Saturday, December 23, 2006

Happy Festivus: The Airing of Grievances

It's late December again, and you know what that means... Christmas Festivus for the rest of us! Yes, for a second year, I will air a grievance in the manner that Jerry Stiller's character on Seinfeld has laid out, and this year, that grievance is the shoddy treatment of the wrestling promo RP, specifically in the PTC community.

It seems that there's a condescending air and this insidious undercurrent of venom when it comes to the traditional wrestling promo. It's like that if you do that kind of thing, or if you're in a fed where that's the common practice, you're not as evolved as other e-fedders are, and those places should be looked down upon. To tap into themes that my guest bloggers have been exploring, it's like there are two different games nowadays. The PTC game has been hijacked by writers, while wrestling fans still have control of FW. The writers believe that "trash talk" is uncivilized and better left to special events, fun things that have no bearing on fed matters, like what's going on here.
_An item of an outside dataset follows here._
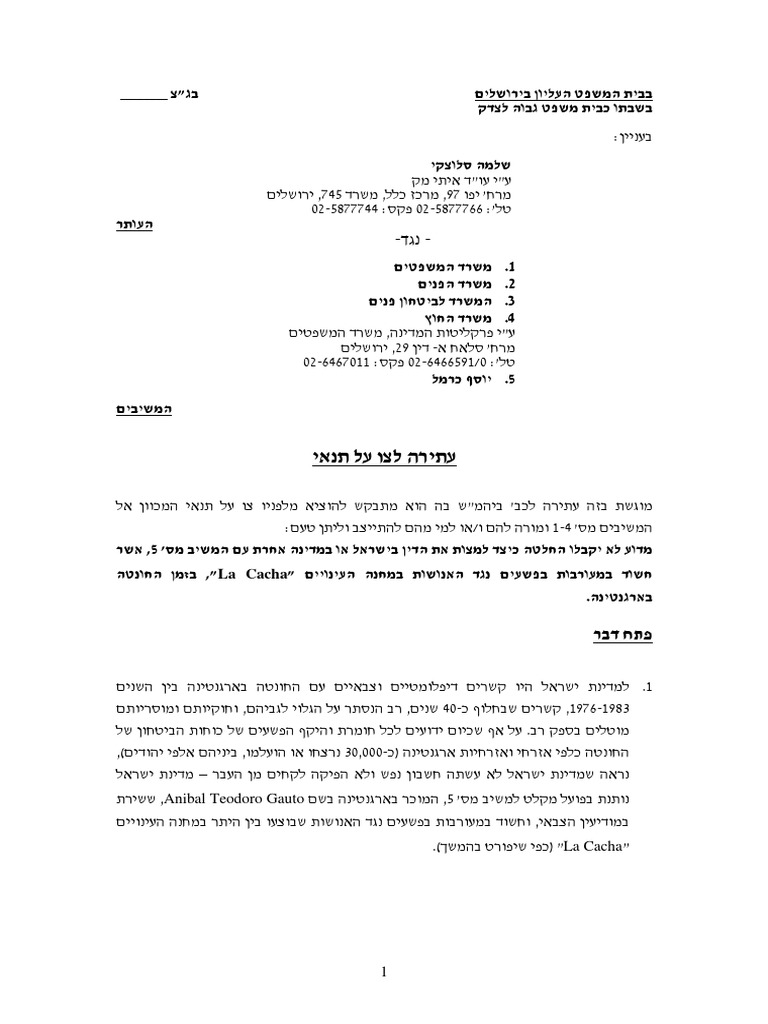 עתירה: לחייב את המדינה להסגיר לארגנטינה חשוד בפשעי מלחמה

Because it's now all about the writing, about crafting these fine stories, the art of the promo, at least in RP form, isn't really considered as much an art as it is something you do on the side. If you ask most people where "trash talk" or a wrestling promo belongs, it's on a show write-up. That's where wrestlers cut their promos in real life, right?

But if you look at some of these show write-ups, you aren't going to find a whole lot of promos. Outside of a few people (the lads in Fuck You, Darcy Crisis and Jack Murphy for example... all of them cut in-ring promos and are damn good at it, if you ask me), no one really uses segment work to cut promos on people. They're for the most part backstage segments used to futher storylines.

So if promos have no place in RPs, and people feel compelled not to do them on write-ups, where do they belong? Surely, you're not going to cut out the time-honored tradition of laying the verbal smackdown on your opponents completely, right? I mean, that's half of what wrestling is about. Half the time, you're talking smack on your opponent and the other half, you're in the ring beating up on your opponent. Okay, maybe those numbers are a bit skewed nowadays, seeing that there are plenty of backstage segments, skits and angles that populate wrestling television. Still though, the art of the promo has not been lost. I caught the last hour of Smackdown this past Friday and I saw JBL deliver a fine promo against Teddy Long. People still do it in real life.

Plus... if something is undeniably more fun, why stop doing it? I hear from people all the time that "I wish there was more of a harkening back to the old-school" or "that trash talk thread is the most fun I've had in awhile." This is a hobby... shouldn't it be fun? Why should we turn our noses up to the promo when you can get into it so much? Who cares if the writing isn't as good as if you're doing a zomg important story?

Once again, I can't stress enough that I don't think what most of PTC does for RPs is bad. I like that style and I think it has a place. I was talking to Dave Cook, Jason Snow's handler, last night, and he said that the PTC style of RPing helps people with their writing. I agree with that. I'm very interested in reading stories about wrestlers outside of the arena setting. I like writing those kinds of things too. It has a place.

I also don't think all of PTC thinks the way I described above. I mean, why else would Nova compete in NFW, and why would Pete grade a Lindsay Troy wrestling promo on the same grade as something such as a VJ masterful story epic? There isn't a total disdain for the promo. But it's there in an enclave of the community, and it's present enough to rear its ugly head.

Look, I'm not saying that wrestling promos should be instituted in place of backstage segments and non-traditional RPs. I'm just saying that non-traditional RPs shouldn't be done in lieu of wrestling promos either. There has to be a balance. This hobby has to have some kind of connection to wrestling, and it can't just be through wrestling matches. The spirit of the promo is the thing that gives eW its soul, in my opinion. To take it away is to strip the hobby of its essence.

And stripping the hobby of its essence is a major grievance to me.